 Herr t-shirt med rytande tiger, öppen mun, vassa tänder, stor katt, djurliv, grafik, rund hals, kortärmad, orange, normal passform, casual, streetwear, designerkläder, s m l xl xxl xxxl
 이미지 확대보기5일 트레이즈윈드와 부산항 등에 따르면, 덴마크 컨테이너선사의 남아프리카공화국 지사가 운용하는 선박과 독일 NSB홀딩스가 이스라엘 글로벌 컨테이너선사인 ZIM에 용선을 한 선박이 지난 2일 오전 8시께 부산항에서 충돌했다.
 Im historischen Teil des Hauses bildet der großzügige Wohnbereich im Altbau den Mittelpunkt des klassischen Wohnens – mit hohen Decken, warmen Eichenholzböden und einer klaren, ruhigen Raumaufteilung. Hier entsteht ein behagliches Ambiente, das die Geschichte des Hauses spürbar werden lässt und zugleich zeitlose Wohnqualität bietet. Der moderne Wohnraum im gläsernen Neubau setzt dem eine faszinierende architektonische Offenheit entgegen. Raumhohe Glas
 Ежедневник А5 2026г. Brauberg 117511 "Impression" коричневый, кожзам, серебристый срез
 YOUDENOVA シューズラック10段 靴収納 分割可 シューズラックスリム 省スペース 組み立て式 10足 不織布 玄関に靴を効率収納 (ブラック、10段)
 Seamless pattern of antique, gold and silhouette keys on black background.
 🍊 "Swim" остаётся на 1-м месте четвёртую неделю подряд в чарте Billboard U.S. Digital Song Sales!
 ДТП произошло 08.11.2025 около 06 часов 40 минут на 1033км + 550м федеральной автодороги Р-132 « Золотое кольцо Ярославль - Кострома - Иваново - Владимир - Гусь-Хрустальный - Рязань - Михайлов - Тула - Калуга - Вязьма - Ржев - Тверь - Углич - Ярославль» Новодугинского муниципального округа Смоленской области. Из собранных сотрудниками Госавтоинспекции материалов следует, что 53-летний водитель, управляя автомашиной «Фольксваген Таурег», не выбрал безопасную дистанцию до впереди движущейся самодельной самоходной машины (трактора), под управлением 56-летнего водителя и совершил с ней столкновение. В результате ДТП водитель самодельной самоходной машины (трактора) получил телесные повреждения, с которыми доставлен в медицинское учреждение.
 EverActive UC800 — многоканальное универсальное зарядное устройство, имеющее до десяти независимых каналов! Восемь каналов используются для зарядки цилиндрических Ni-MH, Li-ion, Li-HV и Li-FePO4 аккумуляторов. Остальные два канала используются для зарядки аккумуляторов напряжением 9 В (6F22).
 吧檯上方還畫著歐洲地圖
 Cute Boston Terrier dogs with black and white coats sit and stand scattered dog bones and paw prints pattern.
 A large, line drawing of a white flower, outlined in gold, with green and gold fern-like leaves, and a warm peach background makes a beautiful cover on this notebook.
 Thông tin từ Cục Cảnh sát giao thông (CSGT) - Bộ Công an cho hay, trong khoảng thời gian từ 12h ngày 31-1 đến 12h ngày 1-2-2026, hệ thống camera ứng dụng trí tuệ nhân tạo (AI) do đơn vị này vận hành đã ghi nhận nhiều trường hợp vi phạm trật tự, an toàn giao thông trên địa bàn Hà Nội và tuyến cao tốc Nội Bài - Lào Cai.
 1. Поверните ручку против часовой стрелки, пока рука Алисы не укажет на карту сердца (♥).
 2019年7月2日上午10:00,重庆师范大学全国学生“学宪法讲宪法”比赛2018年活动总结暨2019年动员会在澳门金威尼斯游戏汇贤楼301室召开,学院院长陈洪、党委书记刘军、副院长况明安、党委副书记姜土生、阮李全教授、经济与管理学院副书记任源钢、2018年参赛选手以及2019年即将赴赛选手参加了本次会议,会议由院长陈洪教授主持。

═══

» **Task brief**
Show every line from the entries that includes the word "pattern".

» **Result of this task**
 Seamless pattern of antique, gold and silhouette keys on black background.
 Cute Boston Terrier dogs with black and white coats sit and stand scattered dog bones and paw prints pattern.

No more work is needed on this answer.